Jul 26, 2010 21:46
I wasn't sure what I was going to say about my illness, but what the hell it isn't a secret and I'm feeling good at the moment, with a decent chance to make a full recovery. On the 27th April, less than a week after my fiftieth birthday I went to the gym at 6:30am. I hadn't been feeling great and wanted to clear my head. I had a good work-out lasting 40 minutes and got ready to go to work. A couple of minutes after I left the gym carpark, I felt as if someone had suddenly hit me in the chest with a sledgehammer. I started to double over in the car, but since the local hospital was in sight I steeled my and managed to keep going.
I made it through two sets of lights, at one stage thinkming I was going to pass out, and abandoned my car in the wee bay outside A&E. The one marked "No Parking" is huge white letters. I managed to struggle out the words "chest pains" to the receptionist and was taken through to the treatment area by a couple of nurses. One, a friendly blonde woman in her forties took charge instantly and had me wired up to an ECG in seconds. She guided the other guy, a younger man, through reading the printout, skillfully and very quickly as they picked up a couple of early signs of a heart attack.

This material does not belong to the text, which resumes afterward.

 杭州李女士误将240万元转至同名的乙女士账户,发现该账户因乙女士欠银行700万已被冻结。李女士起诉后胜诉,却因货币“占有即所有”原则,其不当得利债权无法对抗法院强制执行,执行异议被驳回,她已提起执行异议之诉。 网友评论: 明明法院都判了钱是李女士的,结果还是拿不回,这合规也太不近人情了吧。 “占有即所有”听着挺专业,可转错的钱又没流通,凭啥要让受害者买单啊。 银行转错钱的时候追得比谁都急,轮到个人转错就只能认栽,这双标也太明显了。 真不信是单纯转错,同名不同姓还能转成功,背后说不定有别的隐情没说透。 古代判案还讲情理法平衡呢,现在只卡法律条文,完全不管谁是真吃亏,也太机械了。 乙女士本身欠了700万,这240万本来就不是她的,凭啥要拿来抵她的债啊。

Next I was presented to a young doctor, who flapped completely. She looked confused and scared and appeared to have very little idea what to do next. Within seconds she was gently eased out of the way by the senior nurse's elbows and a replacement summonded from another bay. The nurse then went on to tell the new doctor exactly what he had to do next through the medium of very leading questions or requests for confirmation. "Should we...?" or "did you want the ...... done now". Everything moved reallty quickly and efficiently under the control of this one nurse.

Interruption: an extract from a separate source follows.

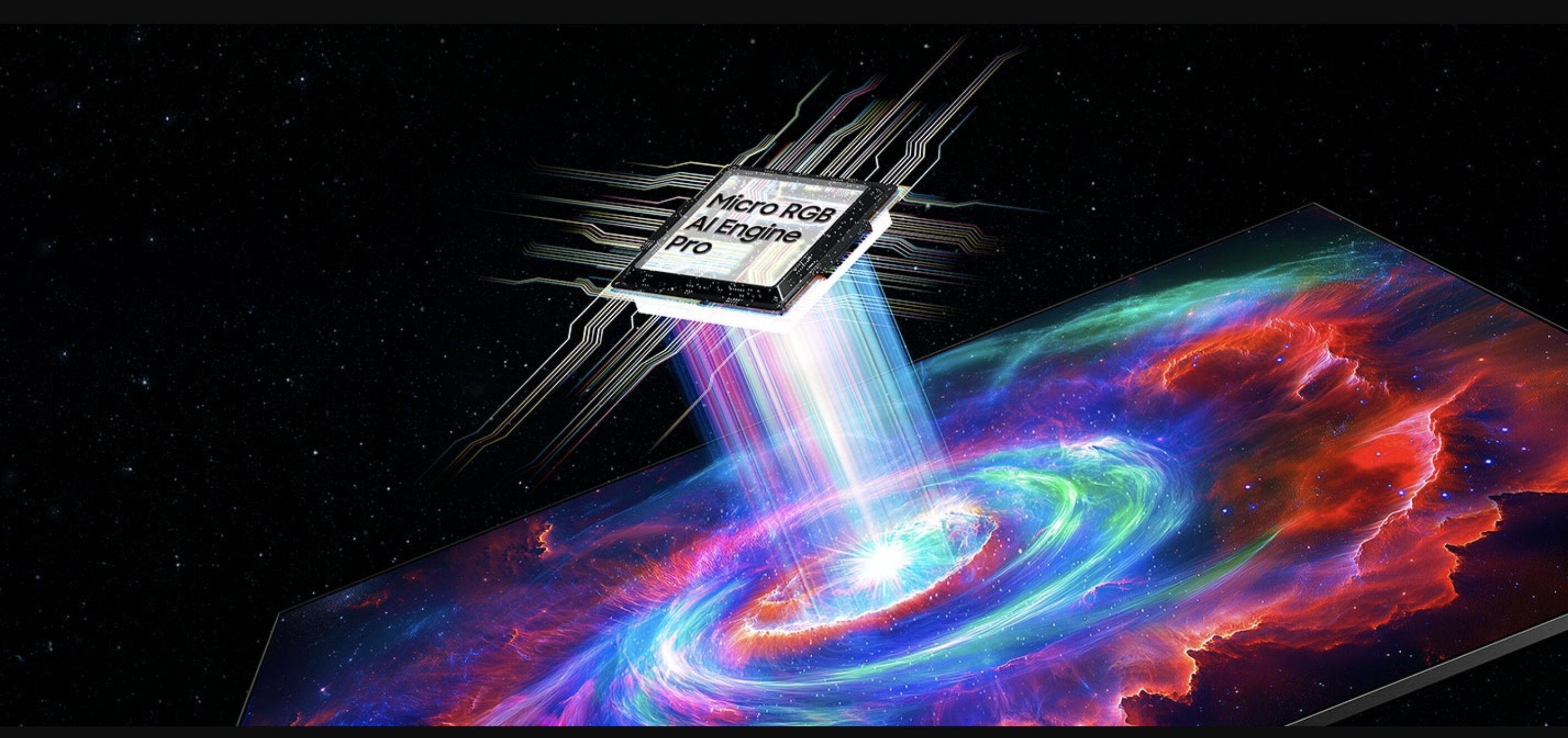 Chiếc Smart tivi Samsung sử dụng hệ thống đèn nền RGB siêu nhỏ (Micro-scale RGB LED) hoạt động hoàn toàn độc lập, giúp kiểm soát ánh sáng chuẩn xác đến từng vùng hiển thị nhỏ nhất.

I was lucky, within ten minutes of the pain starting I had been given two doses of morphine and was on my third ECG. My wife was called and fifteen minutes later was standing beside me. ECG's were been taken at regular intervals, confirming the type of Heart Attack I was having, the signs were not distinct enough. After about twenty minutes I was asked about bleeding, they wanted to give me a drug which dissolved the blood clot which was blocking one of my arteries, but which carried with it the risk of stroke or internal bleeding.
I said yes and saw the bigest syrynge I have ever seen moving towards the tap they had fitted to my right arm. I had one injection of the drug and felt the pain subside, the reaction was instant, before the injection was over the oain had all but gone and I felt better.
I was then wheeled up to the cardiac ward where I had three more gallons of liquid (thats what it felt like) pumped into me. Two of water and one more of the 'clotbuster drug'.
Treatment had been very quick, so the amount of damage to the heart had been minimised. My cholestoral reading was 3.95 the day I arrived in hospital and I'd lost about two stone in the year previous. But my family have a history of heart disease, with my father's brothers suffering heart attacks at arround my age. In those days the clot buster drugs were not available and the treatment I receved a few days later was also not available. Only my Dad and his eldest brother, both of whom had the treatment I've had, are still alive and going strong.
It was probably the morphine and the beta blockers they gave me in hospital, but I wasn't depressed or worried while I was in the ward, rather I was more calm and relaxed than i've been for years.
I do remember hearing one term that I didn't quite understand. By the time the consultant arrived in A&E everything had been done but I did hear him say to the doctor who faffed when I first arrived that I'd had a barndoor infarction. I later discovered that this wasn't a particular type of attack, but rather his way of pointing out to this doctor that it was obvious what was happening to me and that faffing was not aceptable.